When Did We Lose Experience in Favour of Rules?
The first reality in life is being, everything else comes later: principles, laws, rules, the lists about how to act good and be good, holiness codes – all these are after-thoughts. We experience life before we evaluate it and codify it.
In Critique of Pure Reason published in 1781, philosopher Emmanuel Kant says that it is the job of the mind to turn the chaos of raw experience into something that we, as individuals, can understand. We need rules, according to Kant, so that the confusion that is around us in life can be interpreted – can be made sense of. This sounds reasonable, except for one thing: Kant begins with the assumption that, at its essential nature, the universe is bedlam and human beings are the ones who bring order to it. Today the opposite is true. Philosopher Jay Ingram in The Theatre of the Mind says that the mind itself is bedlam – not the universe, and our job is to still the mind so that the harmony that is all around us can filter in.

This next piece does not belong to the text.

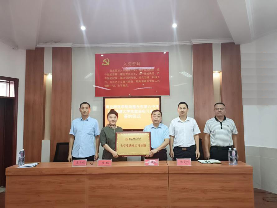 随后,徐茂田一行又先后到商丘市回民高级中学和商丘市第六中学考察交流,就大学生就业实习和学生实践教学锻炼方面进行了深入探讨交流,希望通过本次交流沟通,进一步加强供需对接,在专业共建、人才培养等方面达成共识,共同推动高校毕业生高质量就业,实现合作共赢、共同发展。徐茂田分别与商丘市回民高级中学校长李玉柱和商丘市第六中学副校长陈瑕代表双方签订了大学生就业实习基地协议并授牌。

If you study meditation– whether Christian or Buddhist or Hindu, you’ll know this latter reality to be more along the lines of these ancient religions. For thousands of years religion has said that when you still your racing mind, you come into a place of pure God. God is the first reality. Rules about God, far from being ultimate truth, are reflections of the people who make the rules up. They are secondary.
For instance, Paul becomes a follower of Jesus not because Peter or one of the other disciples comes to him with a brilliant thesis on Christian ethics or a well-packaged course on interpreting biblical texts. No, Paul has some sort of experience. It might have been an out of the ordinary and ecstatic experience, but it felt integral to him. Every parent who has watched their eight month old put her fist, the dog’s tail, or someone else’s old candy in her mouth knows of what I speak. In the beginning there is the event. The discerning and deciphering of the event happen afterward. The rules come later.
Of course, rules are important. Like the directions in a cook book, they help us move from a stage of uncertainty to a stage of proficiency. Rules mean that you don’t have to re-invent the wheel every time you try to make something that you haven’t made before. But any good cook knows, once you have become proficient, you throw the rules away again and do your own thing. You throw in some lemon grass. And some sweet basil. And a hint of hot pepper. And then the thing comes alive. Once the rules have served you, you leave them behind.
This is also true of rules about God. There is not one rule, one doctrine, one teaching in the whole Christian church, as important as they all are, that will exempt you from living your life as a full human being under your own steam. That’s why Paul says, “work out your own salvation with fear and trembling; for it is God who is at work in you.” After you become proficient, you have to let the rules go. Your job is to live. Period. Because living is what God intends us to do.